The Technical Twist: Abusing Browser Encryption
Swapping a legitimate installer for a malicious command is a familiar tactic. The more important finding was how the payload worked around protections designed to make browser credential theft harder.
Google introduced App-Bound Encryption in Chrome to raise the bar against stealers that simply copy local browser databases. Ontinue noted that ABE was not designed to protect against code already running as the user. The malware took advantage of that limitation by using a small native helper inside a Chromium-family browser process to recover encryption material needed to decrypt protected browser data.
The helper itself was intentionally limited. Ontinue said it had no persistence, file I/O, networking, or secondary stage. Its job was to recover the browser’s protected encryption key from inside the browser’s own security context, while PowerShell handled the rest of the operation.
For defenders, Ontinue’s findings suggest the architecture matters as much as the payload. The technique drew from earlier public research on Chrome App-Bound Encryption bypasses, but Ontinue said the orchestration model was distinct: a small, single-purpose helper paired with a larger PowerShell operation.
Why Detection Is Harder
Ontinue said two standard API-chain rule sets it evaluated against the native helper returned no matches. That does not mean the campaign was undetectable. It means defenders looking only at the helper binary may miss the larger operation.
The malicious behavior appeared across multiple layers, including the PowerShell pipeline, browser process injection, named-pipe communication, COM calls to the browser elevation service, browser database access, exfiltration, and scheduled-task persistence.
The campaign also showed signs of active maintenance. Ontinue said the helper included support for Chrome 144’s IElevator2 interface, released earlier this year, along with fallback logic for older interfaces. The report also identified an Edge IElevator2 identifier transcription error that could give defenders a useful detection signal.
Defensive Steps
The defensive lesson is not simply to block developers from installing tools. Developers often need the freedom to test and adopt software. The challenge is to reduce the chance that a search result or lookalike page becomes the source of an installation command.

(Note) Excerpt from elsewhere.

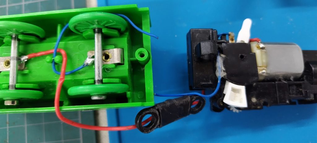 炭水車の方に電池が入り機関車のモータにコードで給電している構造ですが、接続部分がどうしても切れやすい構造です。外見から既に青線が切れていましたので修理依頼。
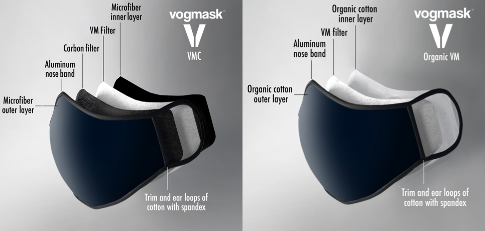 Vogmask VMC and Organic VM are NON VALVED filtering masks. Vogmask VMC is printed outer layer with middle layers of VM particle filter for >98% of microscopic particles and carbon filter and inner layer of woven microfiber. Vogmask Organic VM is certified cotton outer and inner layer with middle layer of VM particle filter for >98% of microscopic particles. The filtering efficiency depends on a good seal around nose and mouth. Non valved Vogmasks filter inflow and outflow.

Security teams should prioritize visibility into PowerShell activity, including script block logging and monitoring for obfuscated scripts. Ontinue recommended enforcing PowerShell Constrained Language Mode where possible, enabling Microsoft Attack Surface Reduction rules that block potentially obfuscated scripts, verifying that AMSI is enabled, and monitoring for tampering.
The report also recommended blocking newly registered domains through web content filtering and requiring phishing-resistant MFA for developer and administrator accounts.
Sangaraju said organizations should consider creating verified, internally shared installation commands for commonly used developer tools so staff are not searching externally for them. “The solution is not blunt-force blocking or adding another firewall rule,” she said. “Security teams should revisit detection strategies that account for trusted, native system components being abused.”